I am trying to solve the nonlinear Poisson equation of the form

$\frac{d}{d x} \left[ \left( \frac{du}{dx} \right)^2 \right] = f$

where $f=2x$ and $u = \frac{1}{4}$ at $x=0$. I believe the exact solution is $u=\frac{1}{2} x^2 + \frac{1}{4}$. I have the following UFL file:

cell = interval

scalar = FiniteElement("Lagrange", cell, 2)

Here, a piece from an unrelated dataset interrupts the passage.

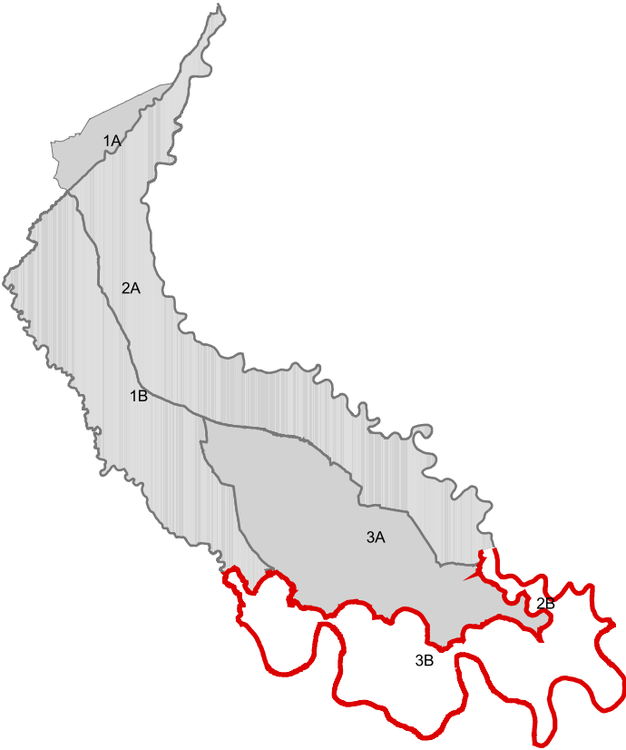
Planimetria del territorio

phi = TestFunction(scalar)
u = Coefficient(scalar) 
f = Coefficient(scalar) 

F = -(u.dx(0)**2.0)*phi.dx(0)*dx - f*phi*dx

du = TrialFunction(scalar)
J = derivative(F, u, du)

and C++ code:

class Source : public Expression { 
public:
  Source() : Expression() {}

  void eval(Array<double>& values, const Array<double>& coord) const {
    const double x = coord[0];

    values[0] = 2.0*x;
  }
};

class LeftBoundary : public SubDomain {
  bool inside(const Array<double>& coord, bool on_boundary) const {
    return abs(coord[0])<DOLFIN_EPS && on_boundary;
  }
};

int main(int argc, char *argv[]) {
// create mesh
  auto mesh = make_shared<UnitIntervalMesh>(100);

  // create function spaces
  auto V = make_shared<NonlinearPoisson::FunctionSpace>(mesh);

  // boundary condition
  auto left = make_shared<LeftBoundary>();
  auto u0 = make_shared<Constant>(0.25);
  DirichletBC leftBC(V, u0, left);

  // source
  auto u = make_shared<Function>(V); // unknown velocity
  auto f = make_shared<Source>();

  // create residual form --- (nonlinear) stress balance equations
  NonlinearPoisson::LinearForm F(V);
  F.u = u;
  F.f = f;

  // create Jacobian form J = F' (for the nonlinear solver)
  NonlinearPoisson::JacobianForm J(V, V);
  J.u = u;

  // solver parameters
  Parameters params("nonlinear_variational_solver");
  Parameters newtonParams("newton_solver");
  newtonParams.add("relative_tolerance", 1e-6);
  params.add(newtonParams);

  // solve for the initial velocities
  solve(F==0, *u, leftBC, J, params);
}

which complies fine. However, I get a runtime error:

Solving nonlinear variational problem.
  Newton iteration 0: r (abs) = nan (tol = 1.000e-10) r (rel) = nan (tol = 1.000e-06)
  Newton iteration 1: r (abs) = nan (tol = 1.000e-10) r (rel) = nan (tol = 1.000e-06)
  Newton iteration 2: r (abs) = nan (tol = 1.000e-10) r (rel) = nan (tol = 1.000e-06)
  Newton iteration 3: r (abs) = nan (tol = 1.000e-10) r (rel) = nan (tol = 1.000e-06)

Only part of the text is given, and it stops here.